News / Fashion
Monday, June 22, 2009
Guy Lagache - Capital
Image: © 2009

Guy Lagache - Star Of The French Network M6's "Capital" Series

PARIS, FRANCE - When French President Nicolas Sarkozy wants a top journalist to discuss his country's business issues with, he knows he'll find quality when he turns to France's star journalist and presenter Guy Lagache. Guy Lagache is the Anchor and Managing Editor of the M6 French Network's "Capital" television show that each week broadcasts in-depth interviews and analysis about the world's financial and economic issues, with reporting that has high ethical standards for journalism. Probably one of the premiere qualities President Sarkozy admires about Guy Lagache is that like himself, Guy is not one to let key issues sit idle without some objective resolution, and he brings this quality to his "Capital" television show.

We spoke with Guy earlier this month at the 2009 Monte-Carlo Television Festival, and had an opportunity to learn about the hard work that he puts into producing the "Capital" show each week. Lagache is totally bilingual, speaking excellent French and English, and he has a Masters in Journalism from Columbia University in New York. In addition to keeping a keen eye on the world's business issues, he is just as interested in all types of world affairs and learning everything about different cultures.

Guy said that at the height of the current financial crisis, he was asked to put together an 80 minute show about the root cause sources of the crisis problems in just 5 days. He reiterated to us that it was a topic "full of enormous complexity" and the broadcast had to be created so that it was understandable to the people of France in an evening format. As Managing Editor of "Capital", Guy Lagache has a staff of 15 reporters working on building the productions for upcoming weeks. Lagache says that each show generally take about 2 months from start to finish to complete.

The first four weeks of developing a "Capital" broadcast piece are generally spent developing the script, and also researching the episode details for accuracy. Then the crews go out and start the filming and interviews based upon the earlier research. Sometimes, Lagache says, a "Capital" show may take three months to produce if the subject matter is complex or detailed, and research is needed to confirm the accuracy for the program. When he spoke to us about a "Capital" episode that he had completed last year in Canada, it was incredible to see how well he had remembered all of the detail and facts that had gone into making the production.

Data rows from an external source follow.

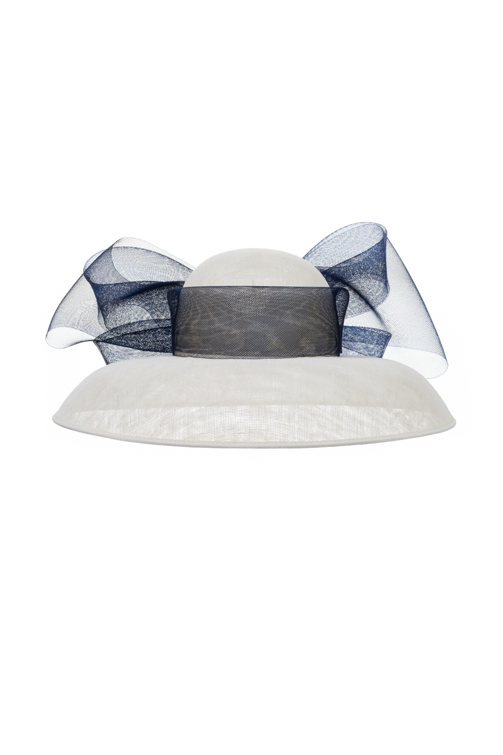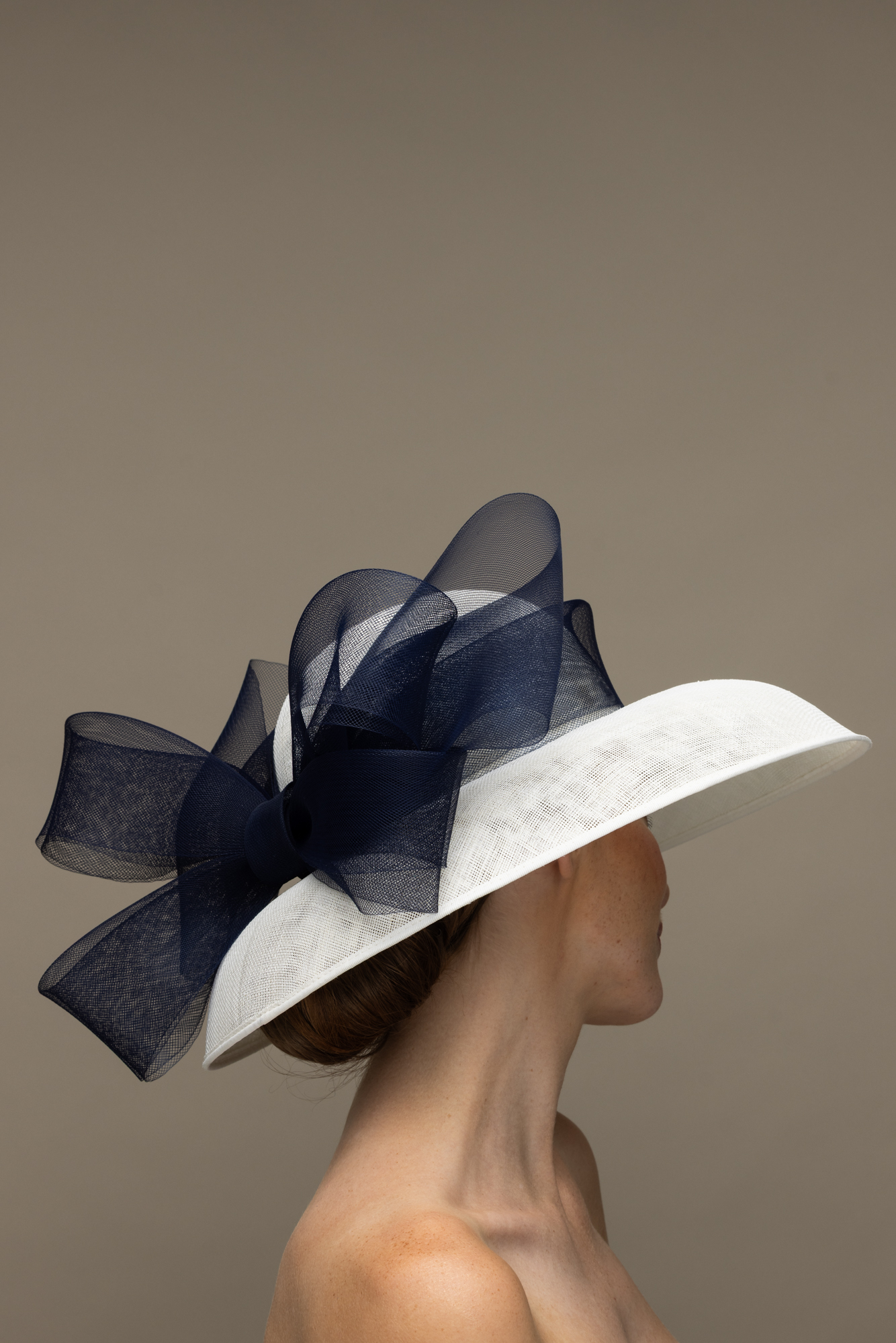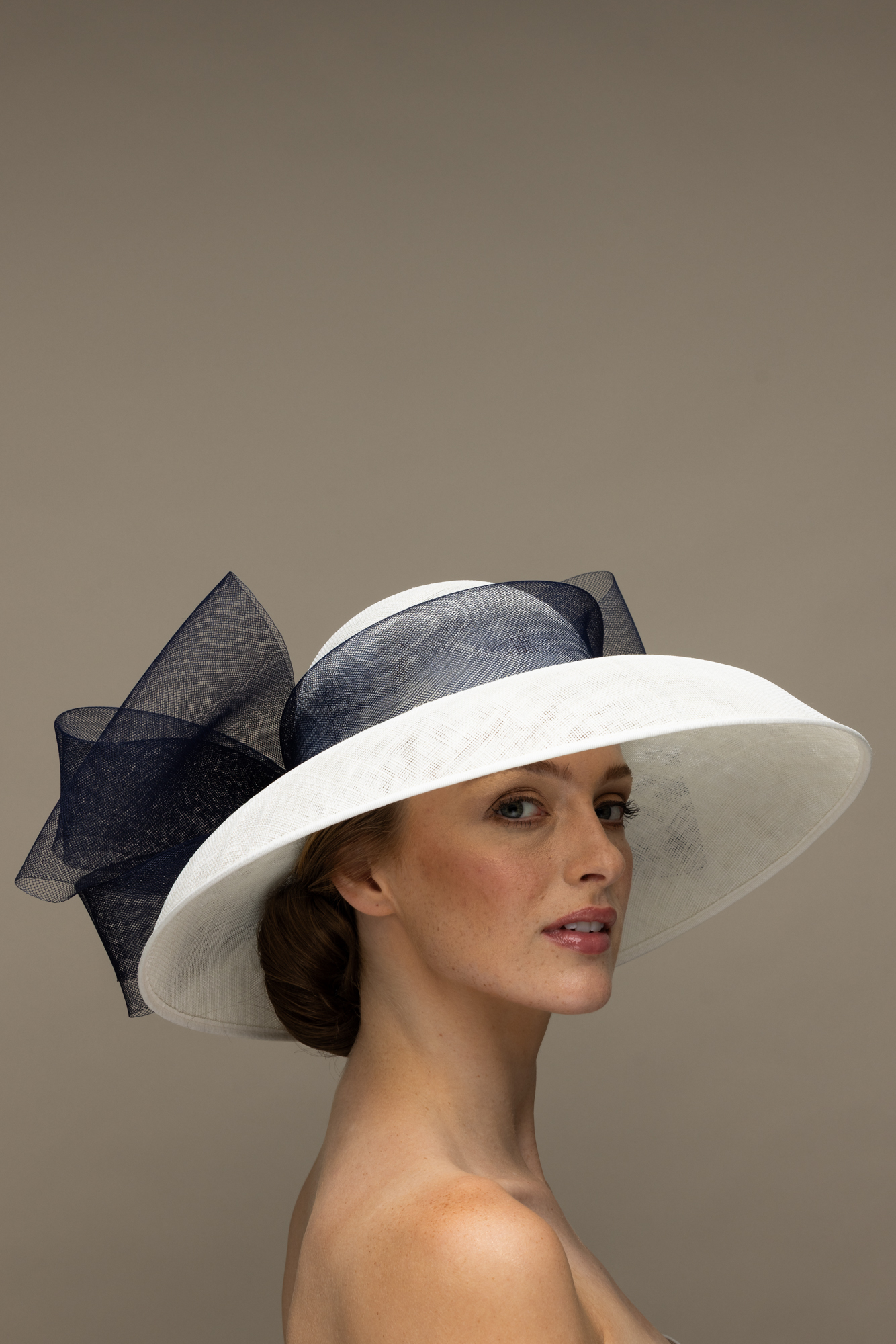 The Swan Hat comprises a sinamay base with a dropped brim trimmed with a deep crinoline band and a signature Hostie bow to the back. The band and bow colour is the same.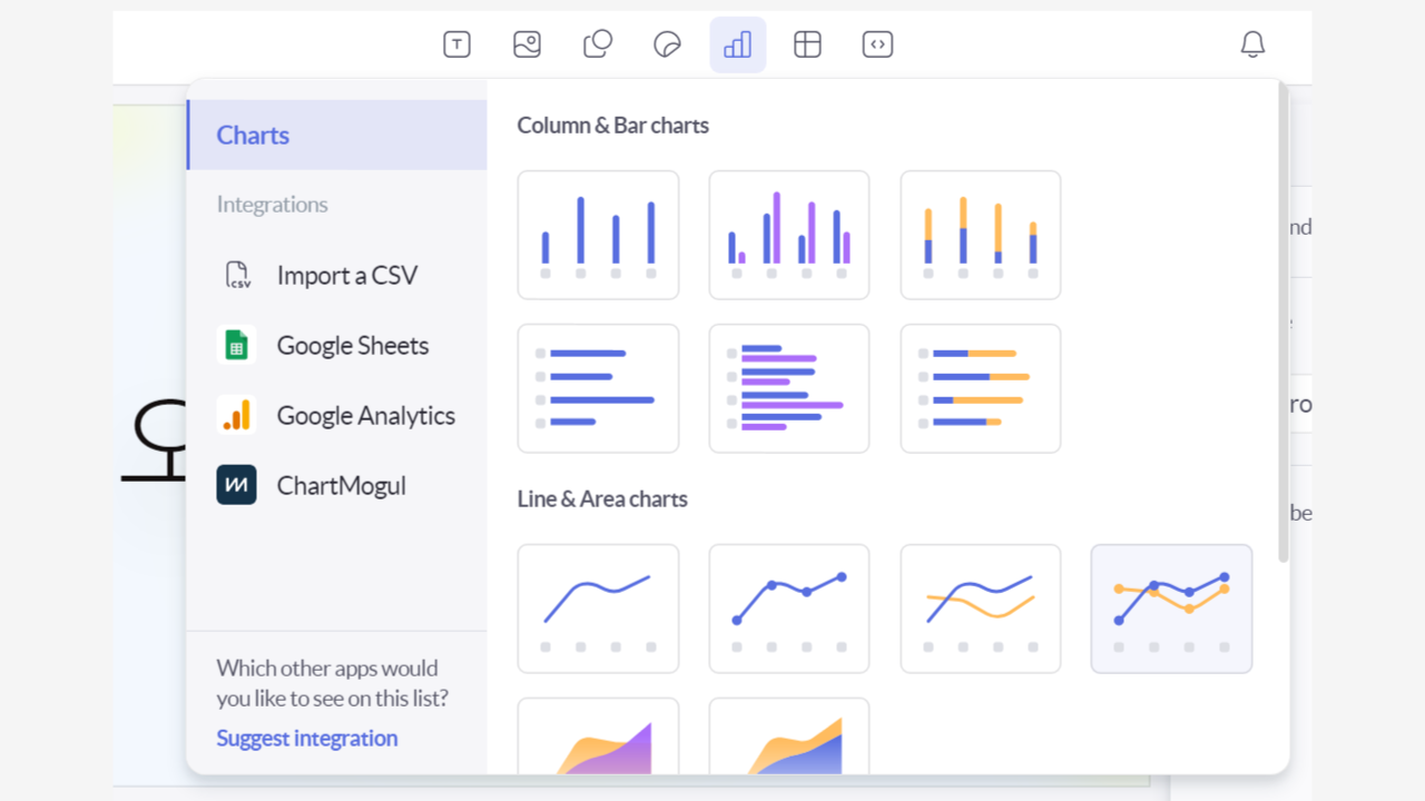 - 각종 차트를 삽입하거나 데이터를 불러오기가 가능하다.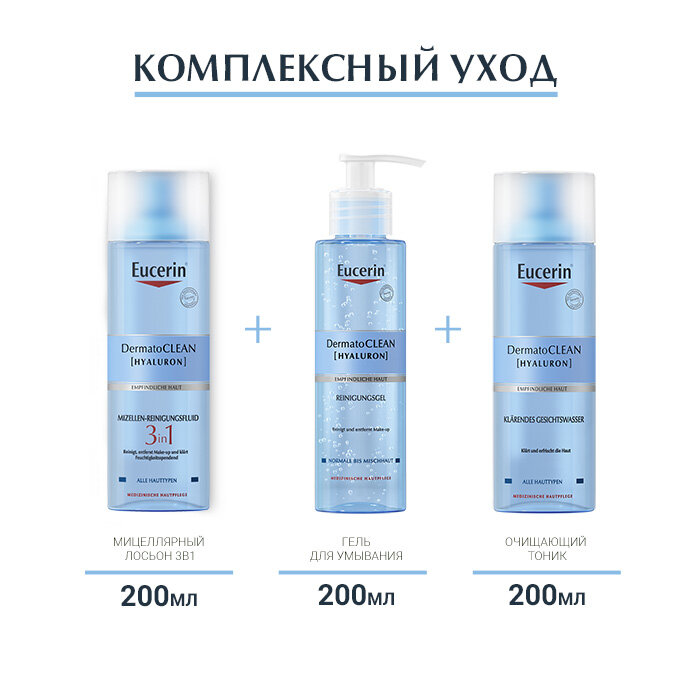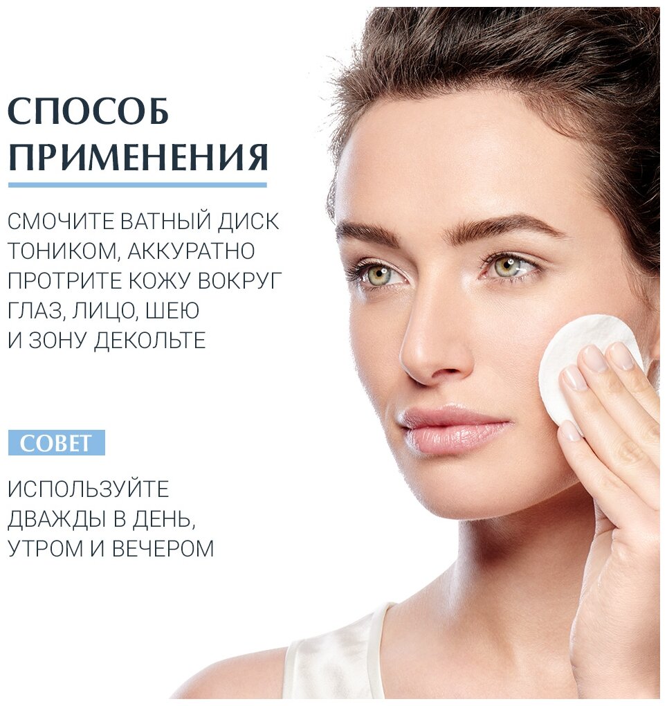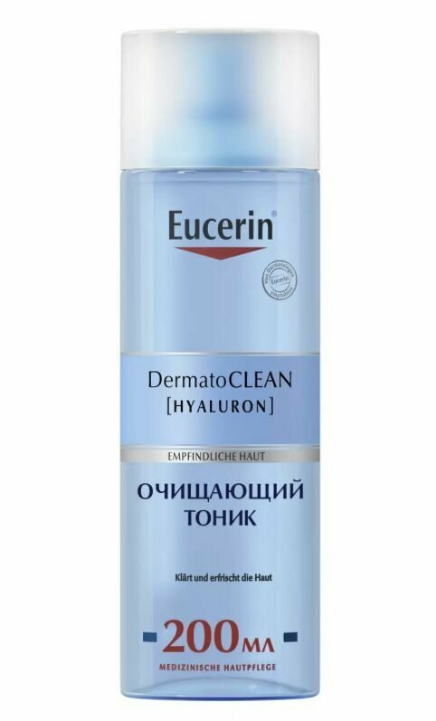 | Способ применения | нанесите тоник Eucerin DermatoClean на ватный диск. аккуратно протрите лицо, шею и декольте, чтобы удалить все остатки очищающего средства |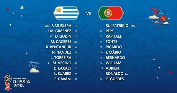 우루과이와 포르투갈의 선발 라인업이 공개됐다.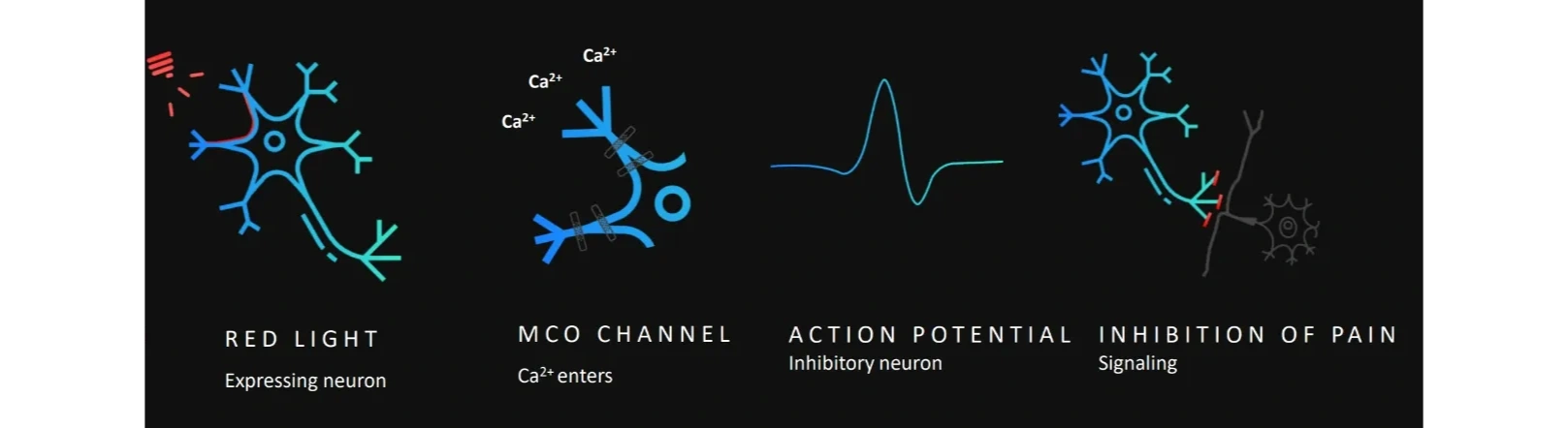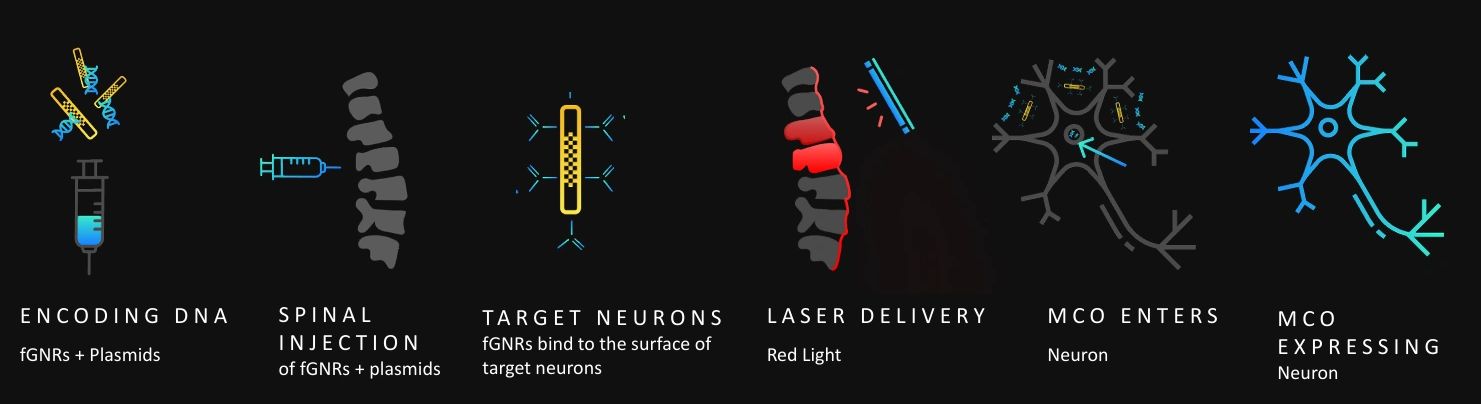 The therapy works by turning pain-blocking neurons in the spine into photoreceptors – like in your eyes – so they can be activated with a simple LED light. The light sensitive proteins are delivered to the neurons using functionalized gold nanorods and low power laser light with a promotor so they are only activated in those neurons that can block pain.
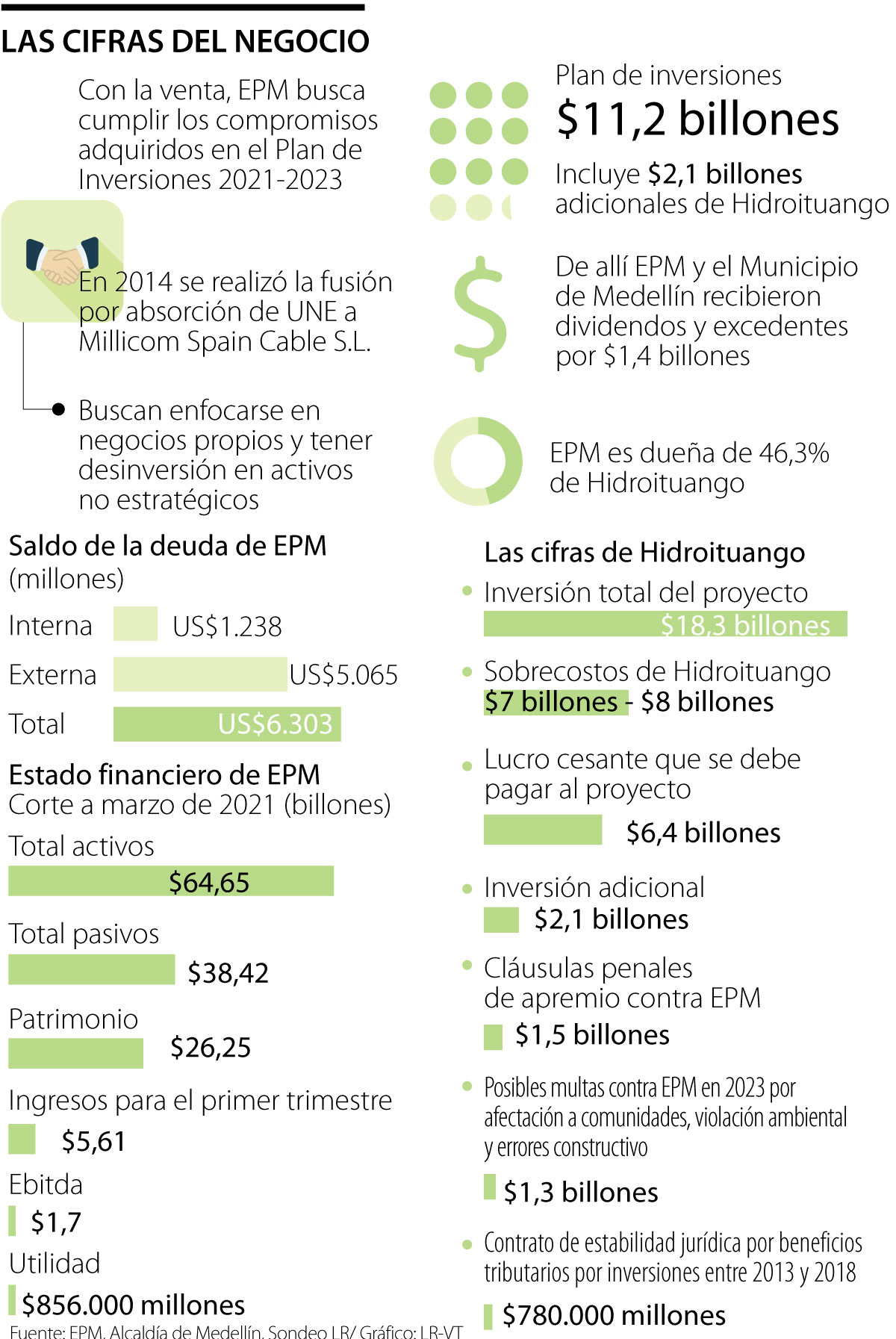De la misma manera, de llegar a producirse el eventual negocio, gran parte de las transferencias tendrían como destino la finalización del proyecto de Hidroituango, que acorde a la actualización de datos, tiene inversiones adicionales de $2,1 billones y un costo total cercano a $18,3 billones.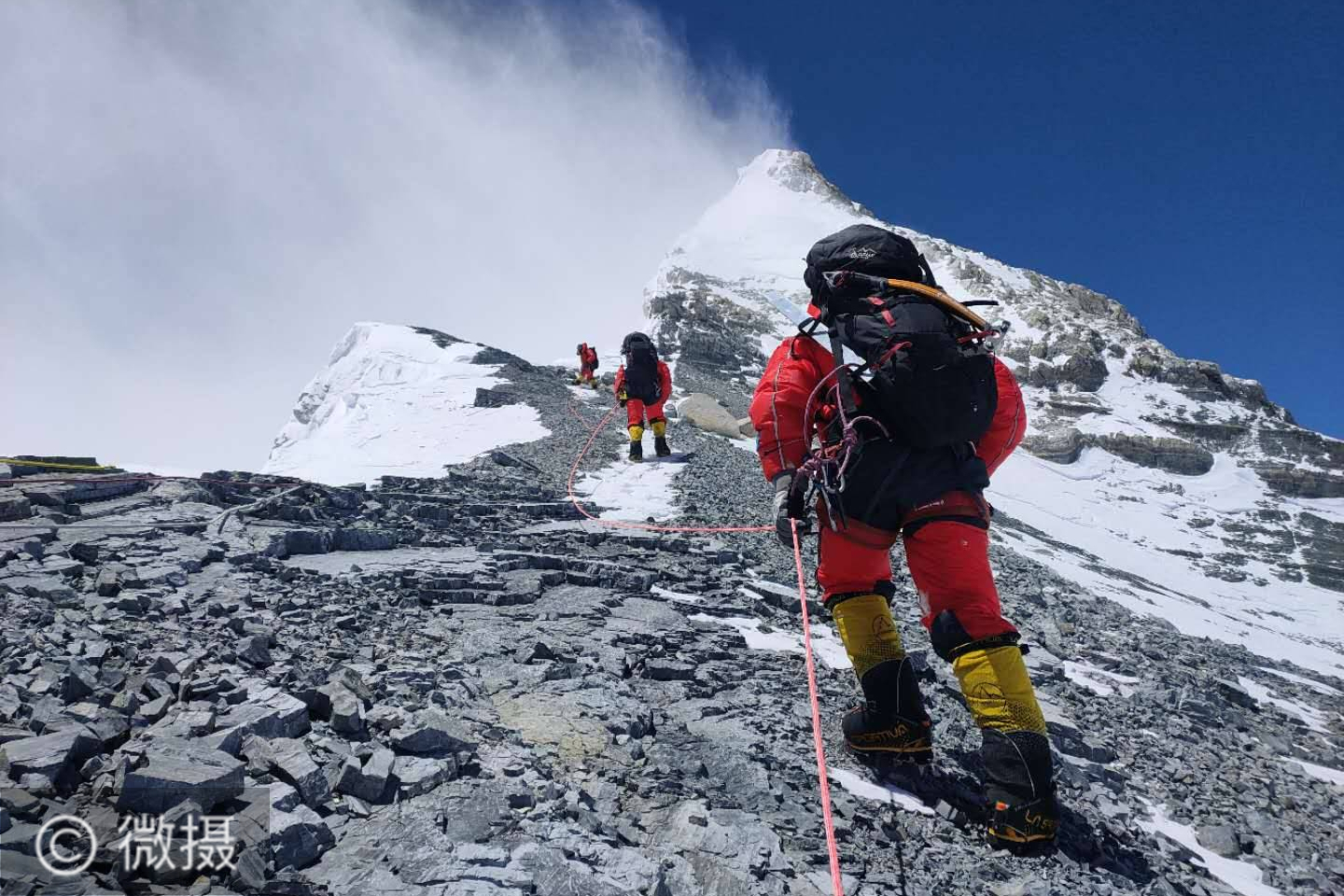 微摄图播|2020珠峰高程测量(17):5月26日,修路队员将攀登路线打通至珠峰峰顶。当日16时35分,6名修路队员将攀登路线打通至珠峰峰顶,即把路绳铺设至珠峰峰顶,为登顶测量打下良好基础。新华社发 (多吉次仁摄)

When Guy Lagache has time to take a break from the hard work he puts into producing his "Capital" television show, he says he likes to go jogging and enjoys reading. His musical interests lean towards listening to Hip-Hop and Rock, and he is also an avid follower of cinema, enjoying to watch both French and American motion pictures, and following the performances of the acting community both in France and in Hollywood.